What about the other direction?

Dr Anderson

The first aspect in relation to the central EU courts was that that applied to all EU lawyers, so a German lawyer, for example, could appear before the EU courts.

When it comes to the issue of reciprocity at the national level, that is a good question. That was the third aspect that I mentioned. A right of audience to appear in the European courts was the second aspect. The third was the ability to appear before the national courts. It is correct to say that that was of less practical importance. It did happen from time to time—

But not much.

Dr Anderson

—but not commonly.

I am interested in the relative quantum of that happening here and our advocates appearing in an EU setting. I understand what you are saying about the EU courts, but I am talking about the national setting.

Dr Anderson

It is quite hard to find statistics or figures, because the extent to which Scottish lawyers would have sought to have registered in, say, France and appeared under their home title before a French court are not kept, for obvious reasons. That happened relatively infrequently for reasons such as language. Ultimately, clients normally want to be represented before a national court by somebody who is recognised and has pled before those national courts. That was why I said that, to be frank, it was the first two—

So, you are really talking about appearances before EU courts.

Dr Anderson

That is correct. Appearance before national courts did happen, whether it was European lawyers appearing here or—

But not much.

Dr Anderson

Not so much.

That was because of people preferring to have someone in situ who understood the nuances of the legal system and its procedures.

Dr Anderson

It was to do with much more practical and commercial considerations, rather than a legal consideration related to the framework.

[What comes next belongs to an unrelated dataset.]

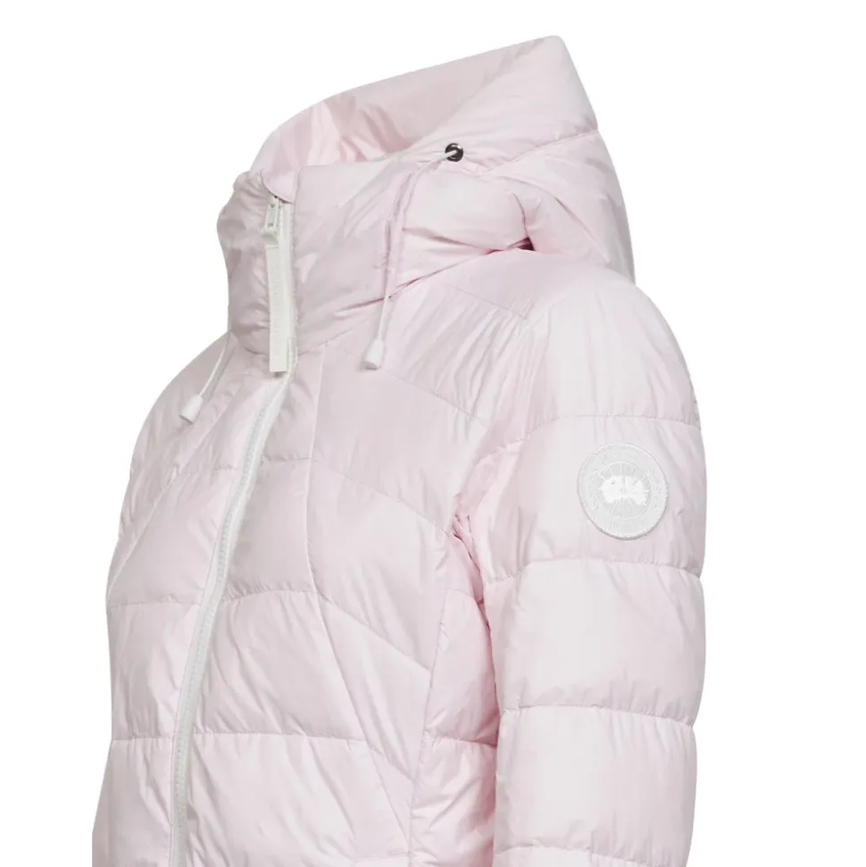 Canada Goose Feather-Light Jacket er et let, isolerende yderlag, der kan pakkes sammen, designet til rejser i koldt vejr og hverdagsbrug. Den kombinerer 750 fill power dun med en vandafvisende og vindtæt skal for letvægtsvarme. Nøgleattributter: Pink | Bloom pink | Polyamid | Vandafvisende | Vindtæt | Letvægt | Isolerende (750 Fill Power dun) | Dobbelt lynlåslukning foran | Vatteret hætte med justerbar snøre | Sidelommer med skjult trykknaplukning | Kan pakkes ned i indvendig venstre lomme; omdannes til en pose med snøre og bærestrop | Elastiske manchetter | Kiler under armene | Foret | Lange ærmer | Hvidt Disc-logo patch på venstre ærme | Skjulte trykknaplukninger på sidelommer | Fremstillet i Canada | Dimensioner og pasform: Slim fit | Sammensætning og pleje: 100% Polyamid | 750 Fill Power dun

Dr Marks, in relation to FIFO, you talked about people flying in and doing some legal business. I imagine that most that work would be commercial and contract related.

Dr Marks

Yes, that is what we are talking about.

Stephen Kerr

Under the agreement, a lawyer who flies in to another country would be permitted to give legal advice on UK or Scotland-related matters and international legal matters, but you said that, even with the permission to provide legal services for commercial and contract work, they cannot invoice for that—or can they?

Dr Marks

They could invoice for that, as long as they had entered the country under the appropriate visa, because it is the visa system that is the issue, rather than what people can and cannot do. It is a case of ensuring that you have a short-term business mobility visa for whichever country you are going to be in, whether that is France, Belgium, Luxembourg or Germany, for example—it does not matter.

So, it is all theoretical, because without the ability to invoice, there is no point in going.

Dr Marks

That is the problem. At the moment, everyone has to apply for a country-by-country visa, which is complicated.

That is a transparency issue.

Dr Marks

Yes. That is why I was hoping that legal services could be added to the list of activities that are permitted for short-term business visitors under article 126 of the TCA. If that were to happen, people would automatically have the ability to do the work and invoice for it.

That would mean that they would not have to get the local—

Dr Marks

That is correct. They could just do the work without having to worry about all the different rules and regulations.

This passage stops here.